To demonstrate the antitumor activity of Antineoplaston A10 and AS2-1 in the treatment of patients with craniopharyngioma by determining the proportion of patients who experience an objective tumor response. To evaluate the adverse effects and tolerance of Antineoplaston A10 and AS2-1 in these patients.

Inclusion Criteria

• Patients more than 6 months of age with a diagnosis of incurable craniopharyngioma who are unlikely to respond to existing therapeutic regimens and for whom curative therapeutic regimens do not exist.

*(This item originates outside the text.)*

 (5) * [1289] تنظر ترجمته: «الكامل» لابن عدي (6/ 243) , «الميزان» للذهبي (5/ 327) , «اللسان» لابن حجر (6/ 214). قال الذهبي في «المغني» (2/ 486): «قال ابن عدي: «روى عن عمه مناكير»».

• The patient should have histological confirmation of the brain tumor under study (either at the initial diagnosis or at the recurrence ); the only exceptions are some cases of dangerous locations of brain tumors such as brain stem tumors, where biopsy may entail unacceptable risk to the patient. There will be no exclusion based on tumor size, multifocality, or leptomeningeal or systemic metastases.
• Any patients who have not been seen by radiation therapist, or by a neurosurgeon should obtain these consultations, to verify whether the are existing therapies of known benefit that should be pursued before ( or instead of ) antineoplastons.

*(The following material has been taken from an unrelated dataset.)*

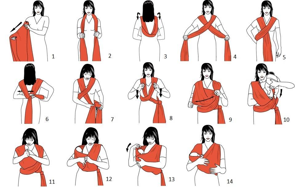 Прежде, чем положить ребенка в шарф, нужно потренироваться завязывать и фиксировать изделие

• Patients must have evidence of brain tumor by gadolinium- enhanced MRI, or if MRI is contraindicated, contrast-enhanced CT scan performed within two weeks prior to entry. The minimum size of the tumor must be not smaller than 5 mm.

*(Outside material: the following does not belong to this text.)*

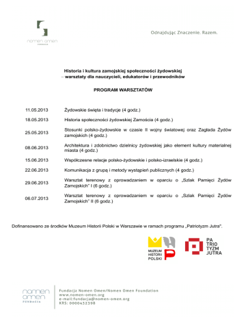 Historia i kultura zamojskiej społeczności żydowskiej – warsztaty dla nauczycieli, edukatorów i przewodników PROGRAM WARSZTATÓW 11.05.2013 Żydowskie święta i tradycje (4 godz.) 18.05.2013 Historia społeczności żydowskiej Zamościa (4 godz.) 25.05.2013 Stosunki polsko-żydowskie w czasie II wojny światowej oraz Zagłada Żydów zamojskich (4 godz.) 08.06.2013 Architektura i zdobnictwo dzielnicy żydowskiej jako element kultury materialnej miasta (4 godz.) 15.06.2013 Współczesne relacje polsko-żydowskie i polsko-izraelskie (4 godz.) 22.06.2013 Komunikacja z grupą i metody wystąpień publicznych (4 godz.) 29.06.2013 Warsztat terenowy z oprowadzaniem w oparciu o „Szlak Pamięci Żydów Zamojskich” I (6 godz.) 06.07.2013 Warsztat terenowy z oprowadzaniem w oparciu o „Szlak Pamięci Żydów Zamojskich” II (6 godz.) Dofinansowano ze środków Muzeum Historii Polski w Warszawie w ramach programu „Patriotyzm Jutra".

• Patients must have a performance status of 60% to 100% on the Karnofsky Performance Scale (Appendix C). Patients must have no evidence of hepatic insufficiency or renal insufficiency, and a total serum bilirubin and creatinine level not higher than 2.5 mg/ml; and SGOT and SGPT not higher than five times the upper limit of normal.
• Patients must have a relatively normal hematopoietic and function, WBC > 2000/mm3, and platelets > 50,000/mm3.
• Patients may be male or female. If female, the patient must not be pregnant or breast-feeding an infant, and either incapable of becoming pregnant or currently using contraceptive methods. Acceptable methods include the birth control pill, use of a diaphragm, intrauterine device, or condom by the patient's sexual partner. If male, the patient should use appropriate contraception, such as condoms, during the study and at least 4 weeks following completion of the study.
• Patients should be outpatients, but must have a life expectancy of at least two months with the feasibility of doing a complete follow-up.
• The use of corticosteroids is permitted to reduce symptoms and signs attributed to cerebral edema. It is recommended that the smallest dose be used which is compatible with the preservation of optimal neurologic function. Corticosteroids should be carefully monitored and recorded. Patients who are receiving corticosteroids must be on a fixed dose of corticosteroids for at least one week prior to baseline scan.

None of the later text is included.